# east of portofino



## getbent (Oct 2, 2007)

went out with a buddy and nothing fished from 10 till 12ish sandfleas were their{lots of males caught but released} but no bites,, tried peeled shrimp too, water still to cold ...
not very good report but its a report


----------



## Sunshine17 (Dec 11, 2009)

R the males sopposed to not be used for bait if caught? May be a dumb question. Just wanna make sure. Were there any birds working?


----------



## tbstimber12 (Nov 28, 2008)

I did catch a tan/sunburn!


----------



## bullminnow (Mar 2, 2008)

I fished yesterday same area. Surf was up nice conditions but no fish. Lots of sargassum gettin tangled in the lines :furious:


----------



## Nat-Light (Oct 9, 2007)

Sunshine17 said:


> R the males sopposed to not be used for bait if caught? May be a dumb question. Just wanna make sure. Were there any birds working?
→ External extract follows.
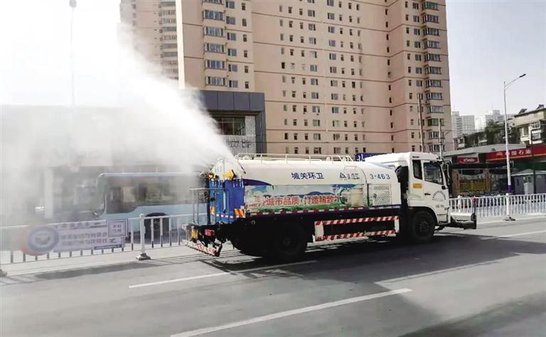原標(biāo)題:加派作業(yè)車輛 增加保潔頻次 保持路面濕潤(rùn)

You can use them for bait. Many prefer to throw them back because the number of males is relatively low compared to the number of females. I suppose the reasoning is that by not taking the males the breeding population is more sustainable. I don't know whether or not it ultimately affects the flea population or not but I generally return them. I suppose the same line of reasoning could be used for the egg bearing females...I don't know many pompano fishermen that will return those, myself included, as the egg bearing females are one of the PRIMO baits IMO.


----------



## navkingfisher (May 14, 2009)

Use them. They are not boy sandfleas, mole crabs (Emerita Talpoida). Boy sandfleas look just like girl sandfleas only smaller, about a third smaller. What you are most certainly thinking about is the spiny mole crab (Blepharipoda Occidentalis). Not too common because this is really not their main range of habitat. I had often wondered the same thing and have heard many times over my 40 years of pompano fishing them referred to as the male species. This finally caused me to do the research which led to this little tidbit of crab trivia. 
Now this beach renourishment is ruining my life! You have to get away from the shell debris in order to hunt sandfleas and fish.


----------



## gaffy (Sep 24, 2008)

*Mole Crabs*

Navkingfisher, Do the pompano hit the mole crabs? Thanks, Gaffy:notworthy:


----------



## navkingfisher (May 14, 2009)

slurp 'em up like candy.


----------